- Born: Hippolyte Alphonse Lemonnier 20 August 1842 Paris, France
- Died: 16 July 1907 (aged 64) Brussels, Belgium
- Occupations: Journalist, novelist, chansonnier, playwright

= Alphonse Lemonnier =

French journalist, novelist, chansonnier and playwright

Alphonse Lemonnier, full name Hippolyte Alphonse Lemonnier, (20 August 1842 – 16 July 1907) was a 19th-century French journalist, novelist, chansonnier and playwright.

== Biography ==
Lemonnier was born in Paris, 6me arrondissement.

He made his comedian debut at the Cirque-Olympique before he became theatrical columnist for many newspapers.
The founder of the Moniteur des théâtres et des plaisirs (1869), the Parisien illustré (1867) and La Vie thermale (1867), he was the publication director of the Paris-mondain (1880–1881) and Colombine (1894–1895) periodics.

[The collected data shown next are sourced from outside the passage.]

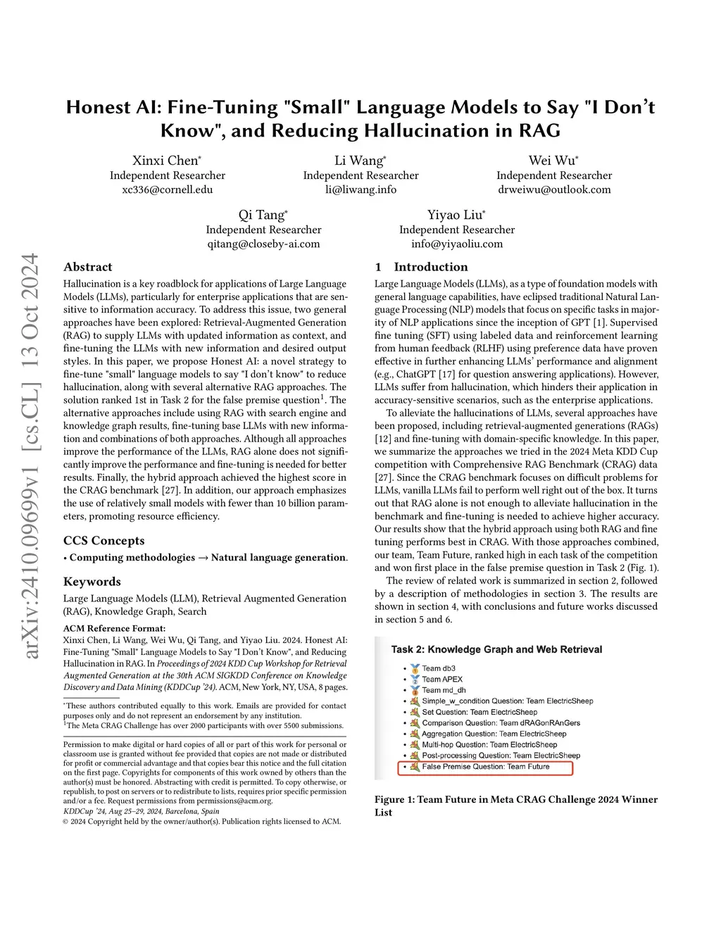 Hallucination is a key roadblock for applications of Large Language Models (LLMs), particularly for enterprise applications that are sensitive to information accuracy. To address this issue, two general approaches have been explored: Retrieval-Augmented Generation (RAG) to supply LLMs with updated information as context, and fine-tuning the LLMs with new information and desired output styles. In this paper, we propose Honest AI: a novel strategy to fine-tune "small" language models to say "I don't know" to reduce hallucination, along with several alternative RAG approaches. The solution ranked 1st in Task 2 for the false premise question. The alternative approaches include using RAG with search engine and knowledge graph results, fine-tuning base LLMs with new information and combinations of both approaches. Although all approaches improve the performance of the LLMs, RAG alone does not significantly improve the performance and fine-tuning is needed for better results. Finally, the hybrid approach achieved the highest score in the CRAG benchmark. In addition, our approach emphasizes the use of relatively small models with fewer than 10 billion parameters, promoting resource efficiency.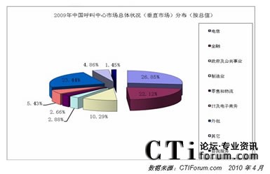 圖1.9 2009年中國呼叫中心市場總體狀況(垂直市場)分布(按總值)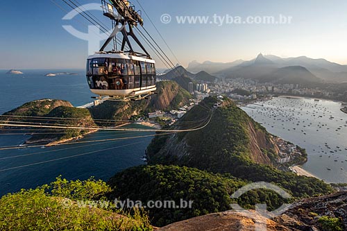 Subject: Cable car of Sugar Loaf making the crossing between the Urca Mountain and Sugar Loaf during sunset / Place: Urca neighborhood - Rio de Janeiro city - Rio de Janeiro state (RJ) - Brazil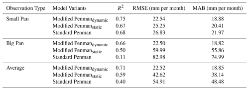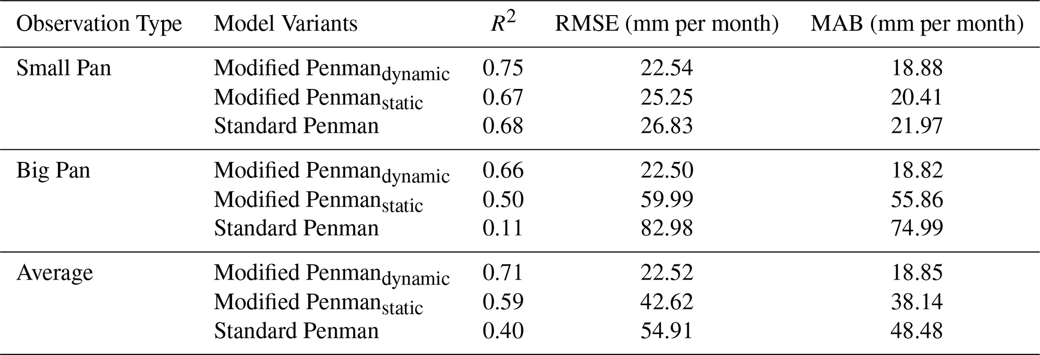 Table 1Evaporation estimation performance of the Penman model with different water depth consideration. Values represent the average for R2, RMSE, and MAB.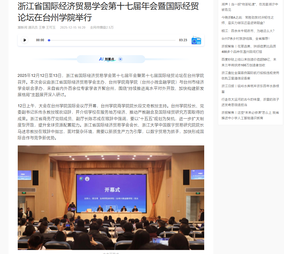 2025年12月12日至13日,浙江省国际经济贸易学会第十七届年会暨第十七届国际经贸论坛在台州学院召开。本次会议由浙江省国际经济贸易学会主办,台州学院商学院(台州小微金融学院)与台州市经济学会联合承办,来自省内外百余位专家学者齐聚台州,围绕“持续推进高水平对外开放、加快构建新发展格局”主题展开深入研讨。

Stage manager of the Théâtre des Variétés, then successively director of the Théâtre des Délassements-Comiques, the Théâtre du Château-d'eau and the Théâtre Déjazet, he later was managing director of the Alhambra and the Comédie-Mondaine (1906) in Brussels.

His plays were presented on the most important Parisian stages of his time, including the Théâtre Déjazet, the Théâtre de la Gaîté and the Théâtre des Folies-Dramatiques.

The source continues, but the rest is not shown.